Courtesy of a colleague’s recommendation, I was introduced to the Nigerian author Chimamanda Ngozi Adichie by way of her TED Talk ‘The Dangers of a Single Story’, in which she talks about growing up reading mostly British and American fiction, and it wasn’t until she discovered Nigerian authors the likes of Chinua Achebe and Wole Soyinka that she began to see herself as not just a reader of Anglospheric tales and cultures, but also a writer endowed with her own history, voice, and stories to tell, as someone deserving of a place in the global literary community.

The talk is riveting for its autobiographical veracity, but I think Adichie’s journey of empowerment finds its strongest expression in her fiction, more specifically, in her 2013 novel Americanah about love, diaspora, leaving and finding ‘home’ – all examined as forms of a three-way cultural dialogue between Nigeria, America and England.

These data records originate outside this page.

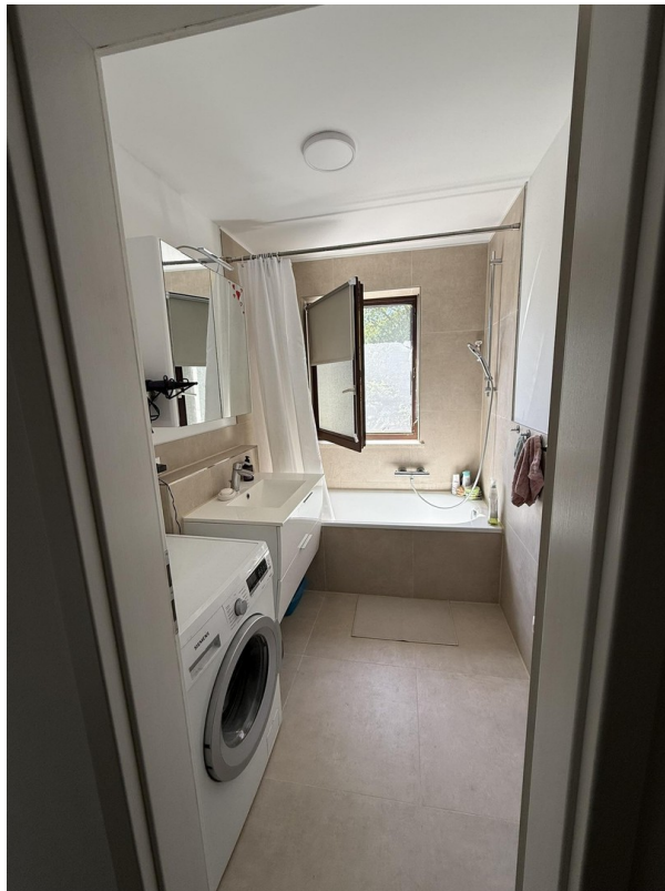
Bad mit Fußbodenheizung (2025)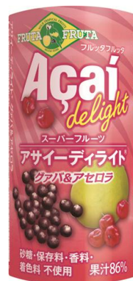
アサイーディライト® グァバ&アセロラ

飲みやすさにこだわったブルーベリーの爽やかな酸味と、アサイーとブルーベリーの“Wポリフェノール”が特長です。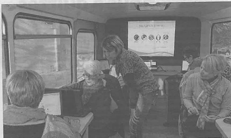
Les stagiaires d'un jour avec leur formatrice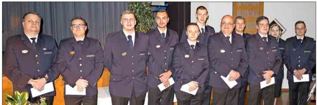
Zwölf Mitglieder der Neuenburger Feuerwehr haben das goldene Feuerwehrleistungsabzeichen erworben. Sie wurden im Rahmen des Neujahrsempfangs geehrt.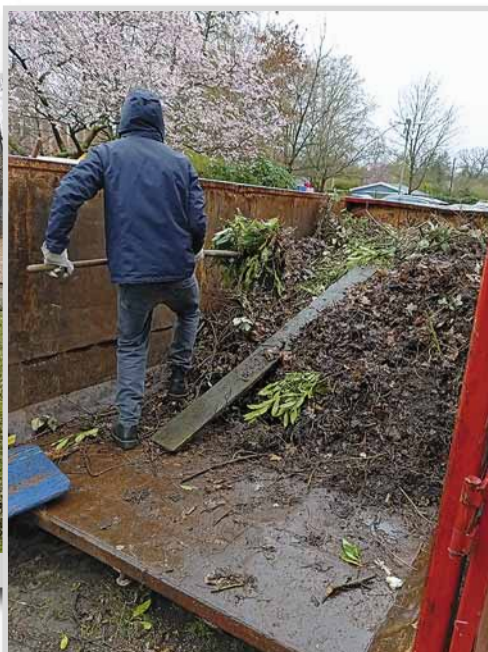
Das Laub muss weg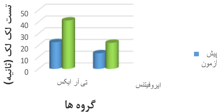
شکل شماره ۵. درصد تغییرات آزمون تعادل لک‌لک از پیش آزمون تا پس آزمون در گروه‌های تحقیق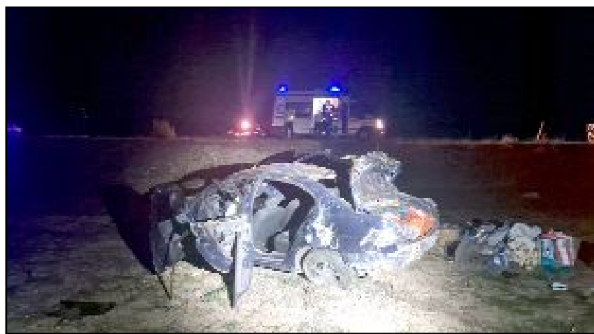
Olay yerinde ilk müdahalesi yapılan yaralıları, Alaca Devlet Hastanesi'ne kaldırılarak tedavi altına alındı.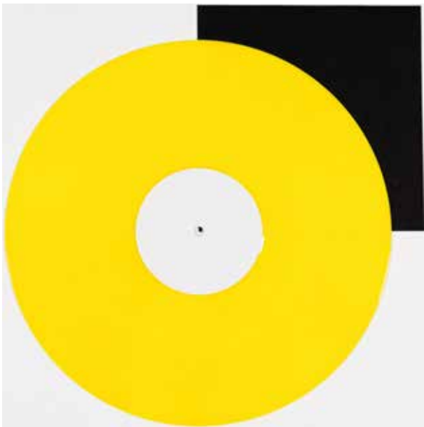
Gelb | yellow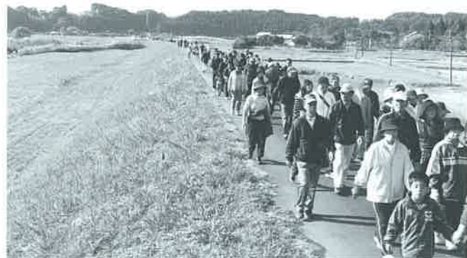
爽やかなウォーキングを楽しむ皆さん

第7回国富町健康ウォーキング大会が11月18日(日)行われ、町内外から参加した405人が爽やかなウォーキングを楽しみました。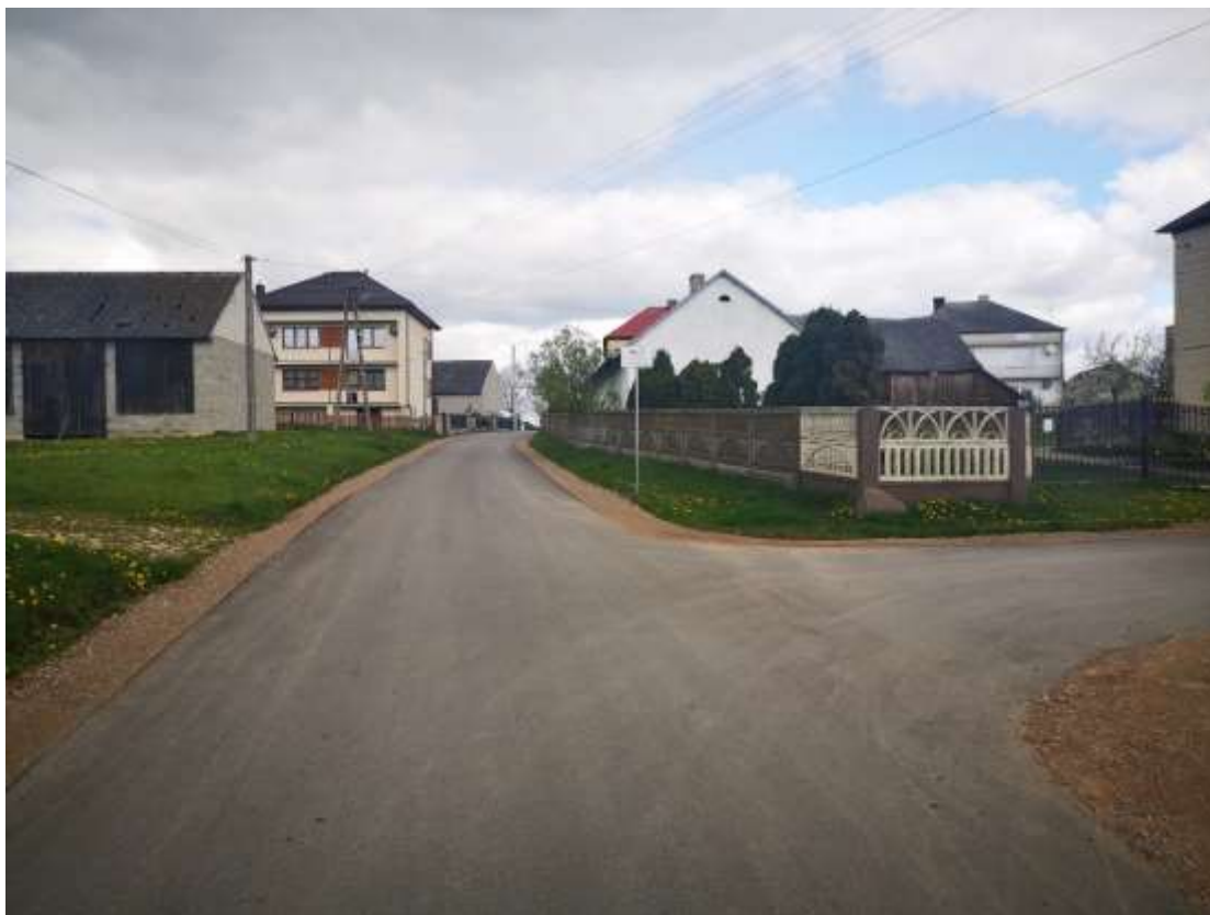
Droga w miejscowości Zakrzów

It’s a great read, poignant and genuine in turns without ever resorting to kitschy sentimentalism.

As per my questionable habit of dog-earing book pages, I think I’ve dog-eared about a third of Americanah, and yet one of the scenes I remember most vividly isn’t actually about the main protagonist Ifemelu, but the sister of her Yale professor boyfriend Blaine, Shan:

Shan was talking about a panel she had done the week before, at a writers’ festival. “So they ask me who my favourite writers are. Of course I know they expected mostly black writers and no way am I going to tell them that Robert Hayden is the love of my life, which he is. So I didn’t mention anybody black or remotely of colour or politically inclined or alive. And so I name, with insouciant aplomb, Turgenev and Trollope and Goethe, but so as not to be too indebted to dead white males because that would be a little too unoriginal, I added Selma Lagerlof. And suddenly they don’t know what to ask me, because I’d thrown the script out the window.”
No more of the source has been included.